Меня прорвало, когда он забыл поздравить меня с днем рождения. Еще бы чуть-чуть, я и это ему простила бы. Но он позвонил позже и не в самое лучшее время - у меня тогда случилась беда. Ни слова не говоря о свалившемся на меня несчастье - мне ведь не велено было жаловаться, - я разговаривала с ним холодно, без обычной радости. А в довершение всего - конечно, мне тогда было очень обидно и больно - язвительно произнесла чужую, но, как мне казалось в тот момент, нужную фразу. О том, что сердце любящей женщины - храм, где подчас царит глиняный идол.
Язык мой - враг мой, эта фраза оказалась для меня роковой. Остров перестал быть островом. На этот раз Михаил Петрович получил такой же упрек, только, может, более изящный, какие он пачками получает у себя дома. Поняв, что я раз и навсегда подписала себе приговор, я потом пыталась перезвонить. Но прокричав несколько раз "алло, алло", будто ошиблись номером, он положил трубку. Как я понимаю, навсегда.
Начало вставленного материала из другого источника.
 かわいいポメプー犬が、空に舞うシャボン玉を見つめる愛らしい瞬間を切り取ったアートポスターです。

Я приехала к вам из больницы, отпросилась на пару часов. Завтра в десять ноль-ноль уже буду на операционном столе - мне предстоит очень серьезная операция. Как на грех, накануне приснился дурацкий сон: будто я не проснулась после наркоза. Я очень боюсь этой операции. Не умереть боюсь, а боюсь, что в случае чего не успею ему сказать, что очень его люблю. Так, как, верно, никто и никогда его не любил. У меня никого нет родных, дочь с зятем живут в другом городе, прошу вас, вот его служебный телефон. Если от меня не будет вестей, позвоните ему, пожалуйста. Он должен еще раз услышать, что он самый лучший мужчина на свете. А если увидите, передайте ему вот это. Она протянула руку и разжала кулачок, не по-взрослому маленький, как у ребенка. На ладошке лежали два ссохшихся желудя.
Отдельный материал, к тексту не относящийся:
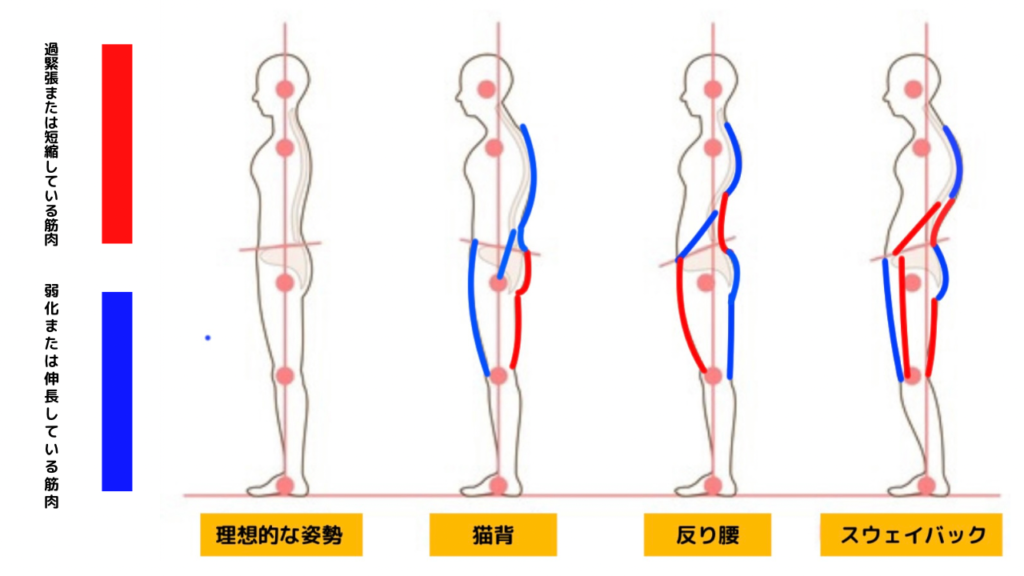 この中で特に背中が丸く見える姿勢は、「スウェイバック」と「反り腰」です。

- Это единственная память о нем. Однажды, гуляя по лесу вместе со мной, он зачем-то подобрал их с земли и хотел было выбросить. А я как чувствовала, что других подарков не будет, попросила отдать эти желуди мне. Весь этот год я их хранила, как самое дорогое, что у меня есть...

Эпилог?

Поистине, у женщины - все сердце, даже голова.
Бог мой, Стефан Цвейг, незабвенный автор "Письма незнакомки", должно быть, перевернулся в гробу! А я всю ночь не могла уснуть. Ведь сегодня утром яркий свет ламп в операционной ослепит мою вчерашнюю гостью и она, окунувшись во тьму, окажется на той тонкой грани между жизнью и смертью, переступить которую проще простого. И тогда свершится еще одна великая несправедливость.
Светлана Ивановна, конечно же, проснется после наркоза. Я так говорю не потому, что беззаветно верю в отечественную медицину. Я верю во Всевышнего, которого целую ночь молила, как умела, о том, чтобы он не оставлял ее, самую несчастную и самую счастливую из женщин. И тогда я смогу возвратить ей данное мне на хранение сокровище - два прошлогодних желудя.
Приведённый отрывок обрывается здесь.